## WHAT TO PRODUCE
Using the data below, print exactly the line with "Yunuslar balıkçı teknesine", the line with "For anyone who", and every line between them, but none of the pictures.

## RECORDS SUPPLIED
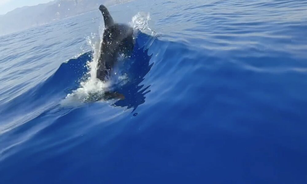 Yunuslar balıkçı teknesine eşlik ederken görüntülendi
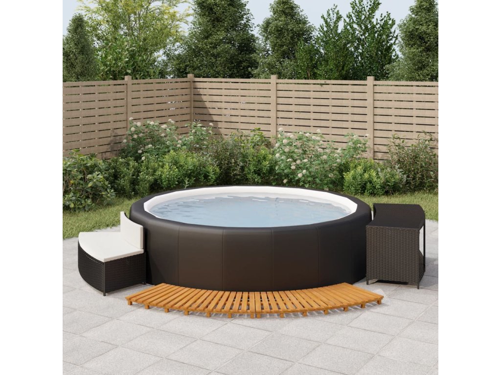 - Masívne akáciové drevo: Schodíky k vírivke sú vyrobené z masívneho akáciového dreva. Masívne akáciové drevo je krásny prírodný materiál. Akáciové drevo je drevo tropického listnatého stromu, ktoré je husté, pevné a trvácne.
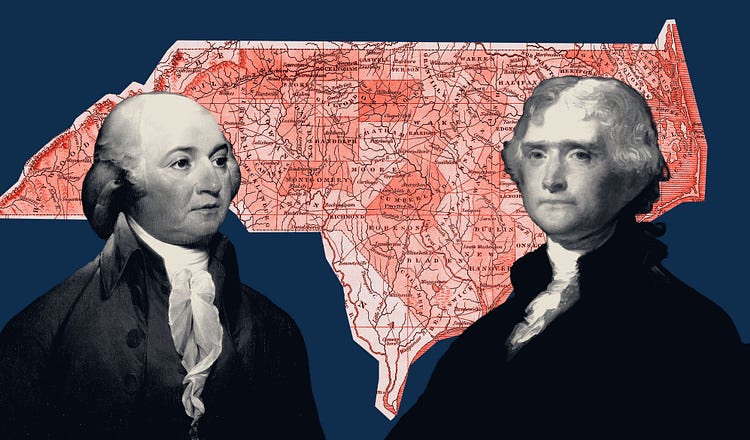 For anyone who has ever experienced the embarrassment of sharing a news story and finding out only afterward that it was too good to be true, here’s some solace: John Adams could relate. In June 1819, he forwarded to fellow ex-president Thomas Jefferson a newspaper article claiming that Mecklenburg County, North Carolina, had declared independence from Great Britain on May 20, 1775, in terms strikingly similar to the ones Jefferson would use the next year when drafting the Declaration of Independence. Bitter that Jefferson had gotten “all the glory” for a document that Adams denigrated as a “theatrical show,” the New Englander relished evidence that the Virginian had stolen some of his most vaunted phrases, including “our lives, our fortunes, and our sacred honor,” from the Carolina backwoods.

* * *

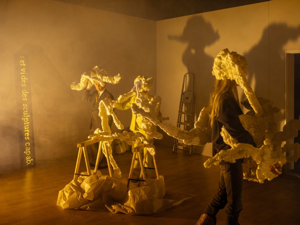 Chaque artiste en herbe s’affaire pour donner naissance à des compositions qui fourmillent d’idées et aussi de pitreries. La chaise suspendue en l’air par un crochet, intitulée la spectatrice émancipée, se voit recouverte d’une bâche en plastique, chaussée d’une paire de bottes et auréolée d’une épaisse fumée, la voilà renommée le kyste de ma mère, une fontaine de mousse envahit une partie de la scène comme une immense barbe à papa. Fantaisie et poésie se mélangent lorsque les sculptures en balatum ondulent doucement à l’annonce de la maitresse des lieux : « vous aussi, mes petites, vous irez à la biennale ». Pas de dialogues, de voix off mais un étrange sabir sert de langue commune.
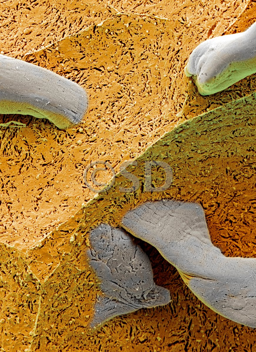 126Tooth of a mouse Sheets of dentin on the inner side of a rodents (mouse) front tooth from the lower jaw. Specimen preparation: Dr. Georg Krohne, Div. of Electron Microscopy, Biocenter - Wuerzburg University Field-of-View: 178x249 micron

## OUTPUT OF THE EXERCISE
 Yunuslar balıkçı teknesine eşlik ederken görüntülendi
 - Masívne akáciové drevo: Schodíky k vírivke sú vyrobené z masívneho akáciového dreva. Masívne akáciové drevo je krásny prírodný materiál. Akáciové drevo je drevo tropického listnatého stromu, ktoré je husté, pevné a trvácne.
 For anyone who has ever experienced the embarrassment of sharing a news story and finding out only afterward that it was too good to be true, here’s some solace: John Adams could relate. In June 1819, he forwarded to fellow ex-president Thomas Jefferson a newspaper article claiming that Mecklenburg County, North Carolina, had declared independence from Great Britain on May 20, 1775, in terms strikingly similar to the ones Jefferson would use the next year when drafting the Declaration of Independence. Bitter that Jefferson had gotten “all the glory” for a document that Adams denigrated as a “theatrical show,” the New Englander relished evidence that the Virginian had stolen some of his most vaunted phrases, including “our lives, our fortunes, and our sacred honor,” from the Carolina backwoods.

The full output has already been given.